Dataclass in python does not raise error when the class variable is assigned as a list (but does with typing hints)


I'm just trying to get myself familiar with dataclass in python. One thing I learned from some readings online is that, we can turn the regular class definition with a mutable class variable (which is a bad thing), into dataclass and that would prevent it. For example:

regular class:

class A:
    a = []
    
    def __init__(self):
        self.b = 1

this could have potential issue where different instances share the same class variable a, and modify a unknowingly.

and with dataclass:

@dataclass
class A:
    a: list = []

    def __init__(self):
        self.b = 1

this does not allow me to write this class by raising error:

ValueError: mutable default <class 'list'> for field a is not allowed: use default_factory

however, if I simply get rid of the type annotation:

@dataclass
class A:
    a = []

    def __init__(self):
        self.b = 1

there is no complaint at all and a is still shared across different instances.

Is this expected?

How come the simple type annotation would change the behavior of the class variable?

(I'm using python 3.7.6)


Solution

  • When you declare

    @dataclass
    class A:
        a = []
    
        def __init__(self):
            self.b = 1
    

    a is not a dataclass field.

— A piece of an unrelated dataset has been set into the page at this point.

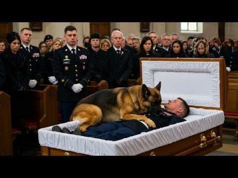Someone gently opened Rex’s crate, and the German Shepherd stepped out. He sniffed the air cautiously, clearly aware that something was different. Slowly, he walked toward the casket, pausing only for a moment—then, in an unexpected and poignant act, Rex leapt onto the casket, laying his body across the top, head nestled gently beside the folded flag.

REF: https://github.com/ericvsmith/dataclasses/issues/2#issuecomment-302987864

    You can take a look at __dataclass_fields__ and __annotations__ fields after declaring the class.

    In [55]: @dataclass
        ...: class A:
        ...:     a: list = field(default_factory=list)
        ...:
        ...:     def __init__(self):
        ...:         self.b = 1
        ...:
    
    In [56]: A.__dict__
    Out[56]:
    mappingproxy({'__module__': '__main__',
                  '__annotations__': {'a': list},
                  '__init__': <function __main__.A.__init__(self)>,
                  '__dict__': <attribute '__dict__' of 'A' objects>,
                  '__weakref__': <attribute '__weakref__' of 'A' objects>,
                  '__doc__': 'A()',
                  '__dataclass_params__': _DataclassParams(init=True,repr=True,eq=True,order=False,unsafe_hash=False,frozen=False),
                  '__dataclass_fields__': {'a': Field(name='a',type=<class 'list'>,default=<dataclasses._MISSING_TYPE object at 0x7f8a27ada250>,default_factory=<class 'list'>,init=True,repr=True,hash=None,compare=True,metadata=mappingproxy({}),_field_type=_FIELD)},
                  '__repr__': <function dataclasses.__repr__(self)>,
                  '__eq__': <function dataclasses.__eq__(self, other)>,
                  '__hash__': None})
    
    In [57]: @dataclass
        ...: class A:
        ...:     a = []
        ...:
        ...:     def __init__(self):
        ...:         self.b = 1
        ...:
    
    In [58]: A.__dict__
    Out[58]:
    mappingproxy({'__module__': '__main__',
                  'a': [],
                  '__init__': <function __main__.A.__init__(self)>,
                  '__dict__': <attribute '__dict__' of 'A' objects>,
                  '__weakref__': <attribute '__weakref__' of 'A' objects>,
                  '__doc__': 'A()',
                  '__dataclass_params__': _DataclassParams(init=True,repr=True,eq=True,order=False,unsafe_hash=False,frozen=False),
                  '__dataclass_fields__': {},
                  '__repr__': <function dataclasses.__repr__(self)>,
                  '__eq__': <function dataclasses.__eq__(self, other)>,
                  '__hash__': None})
    

    From PEP 557:

    The dataclass decorator examines the class to find fields. A field is defined as any variable identified in __annotations__. That is, a variable that has a type annotation. REF: How to add a dataclass field without annotating the type?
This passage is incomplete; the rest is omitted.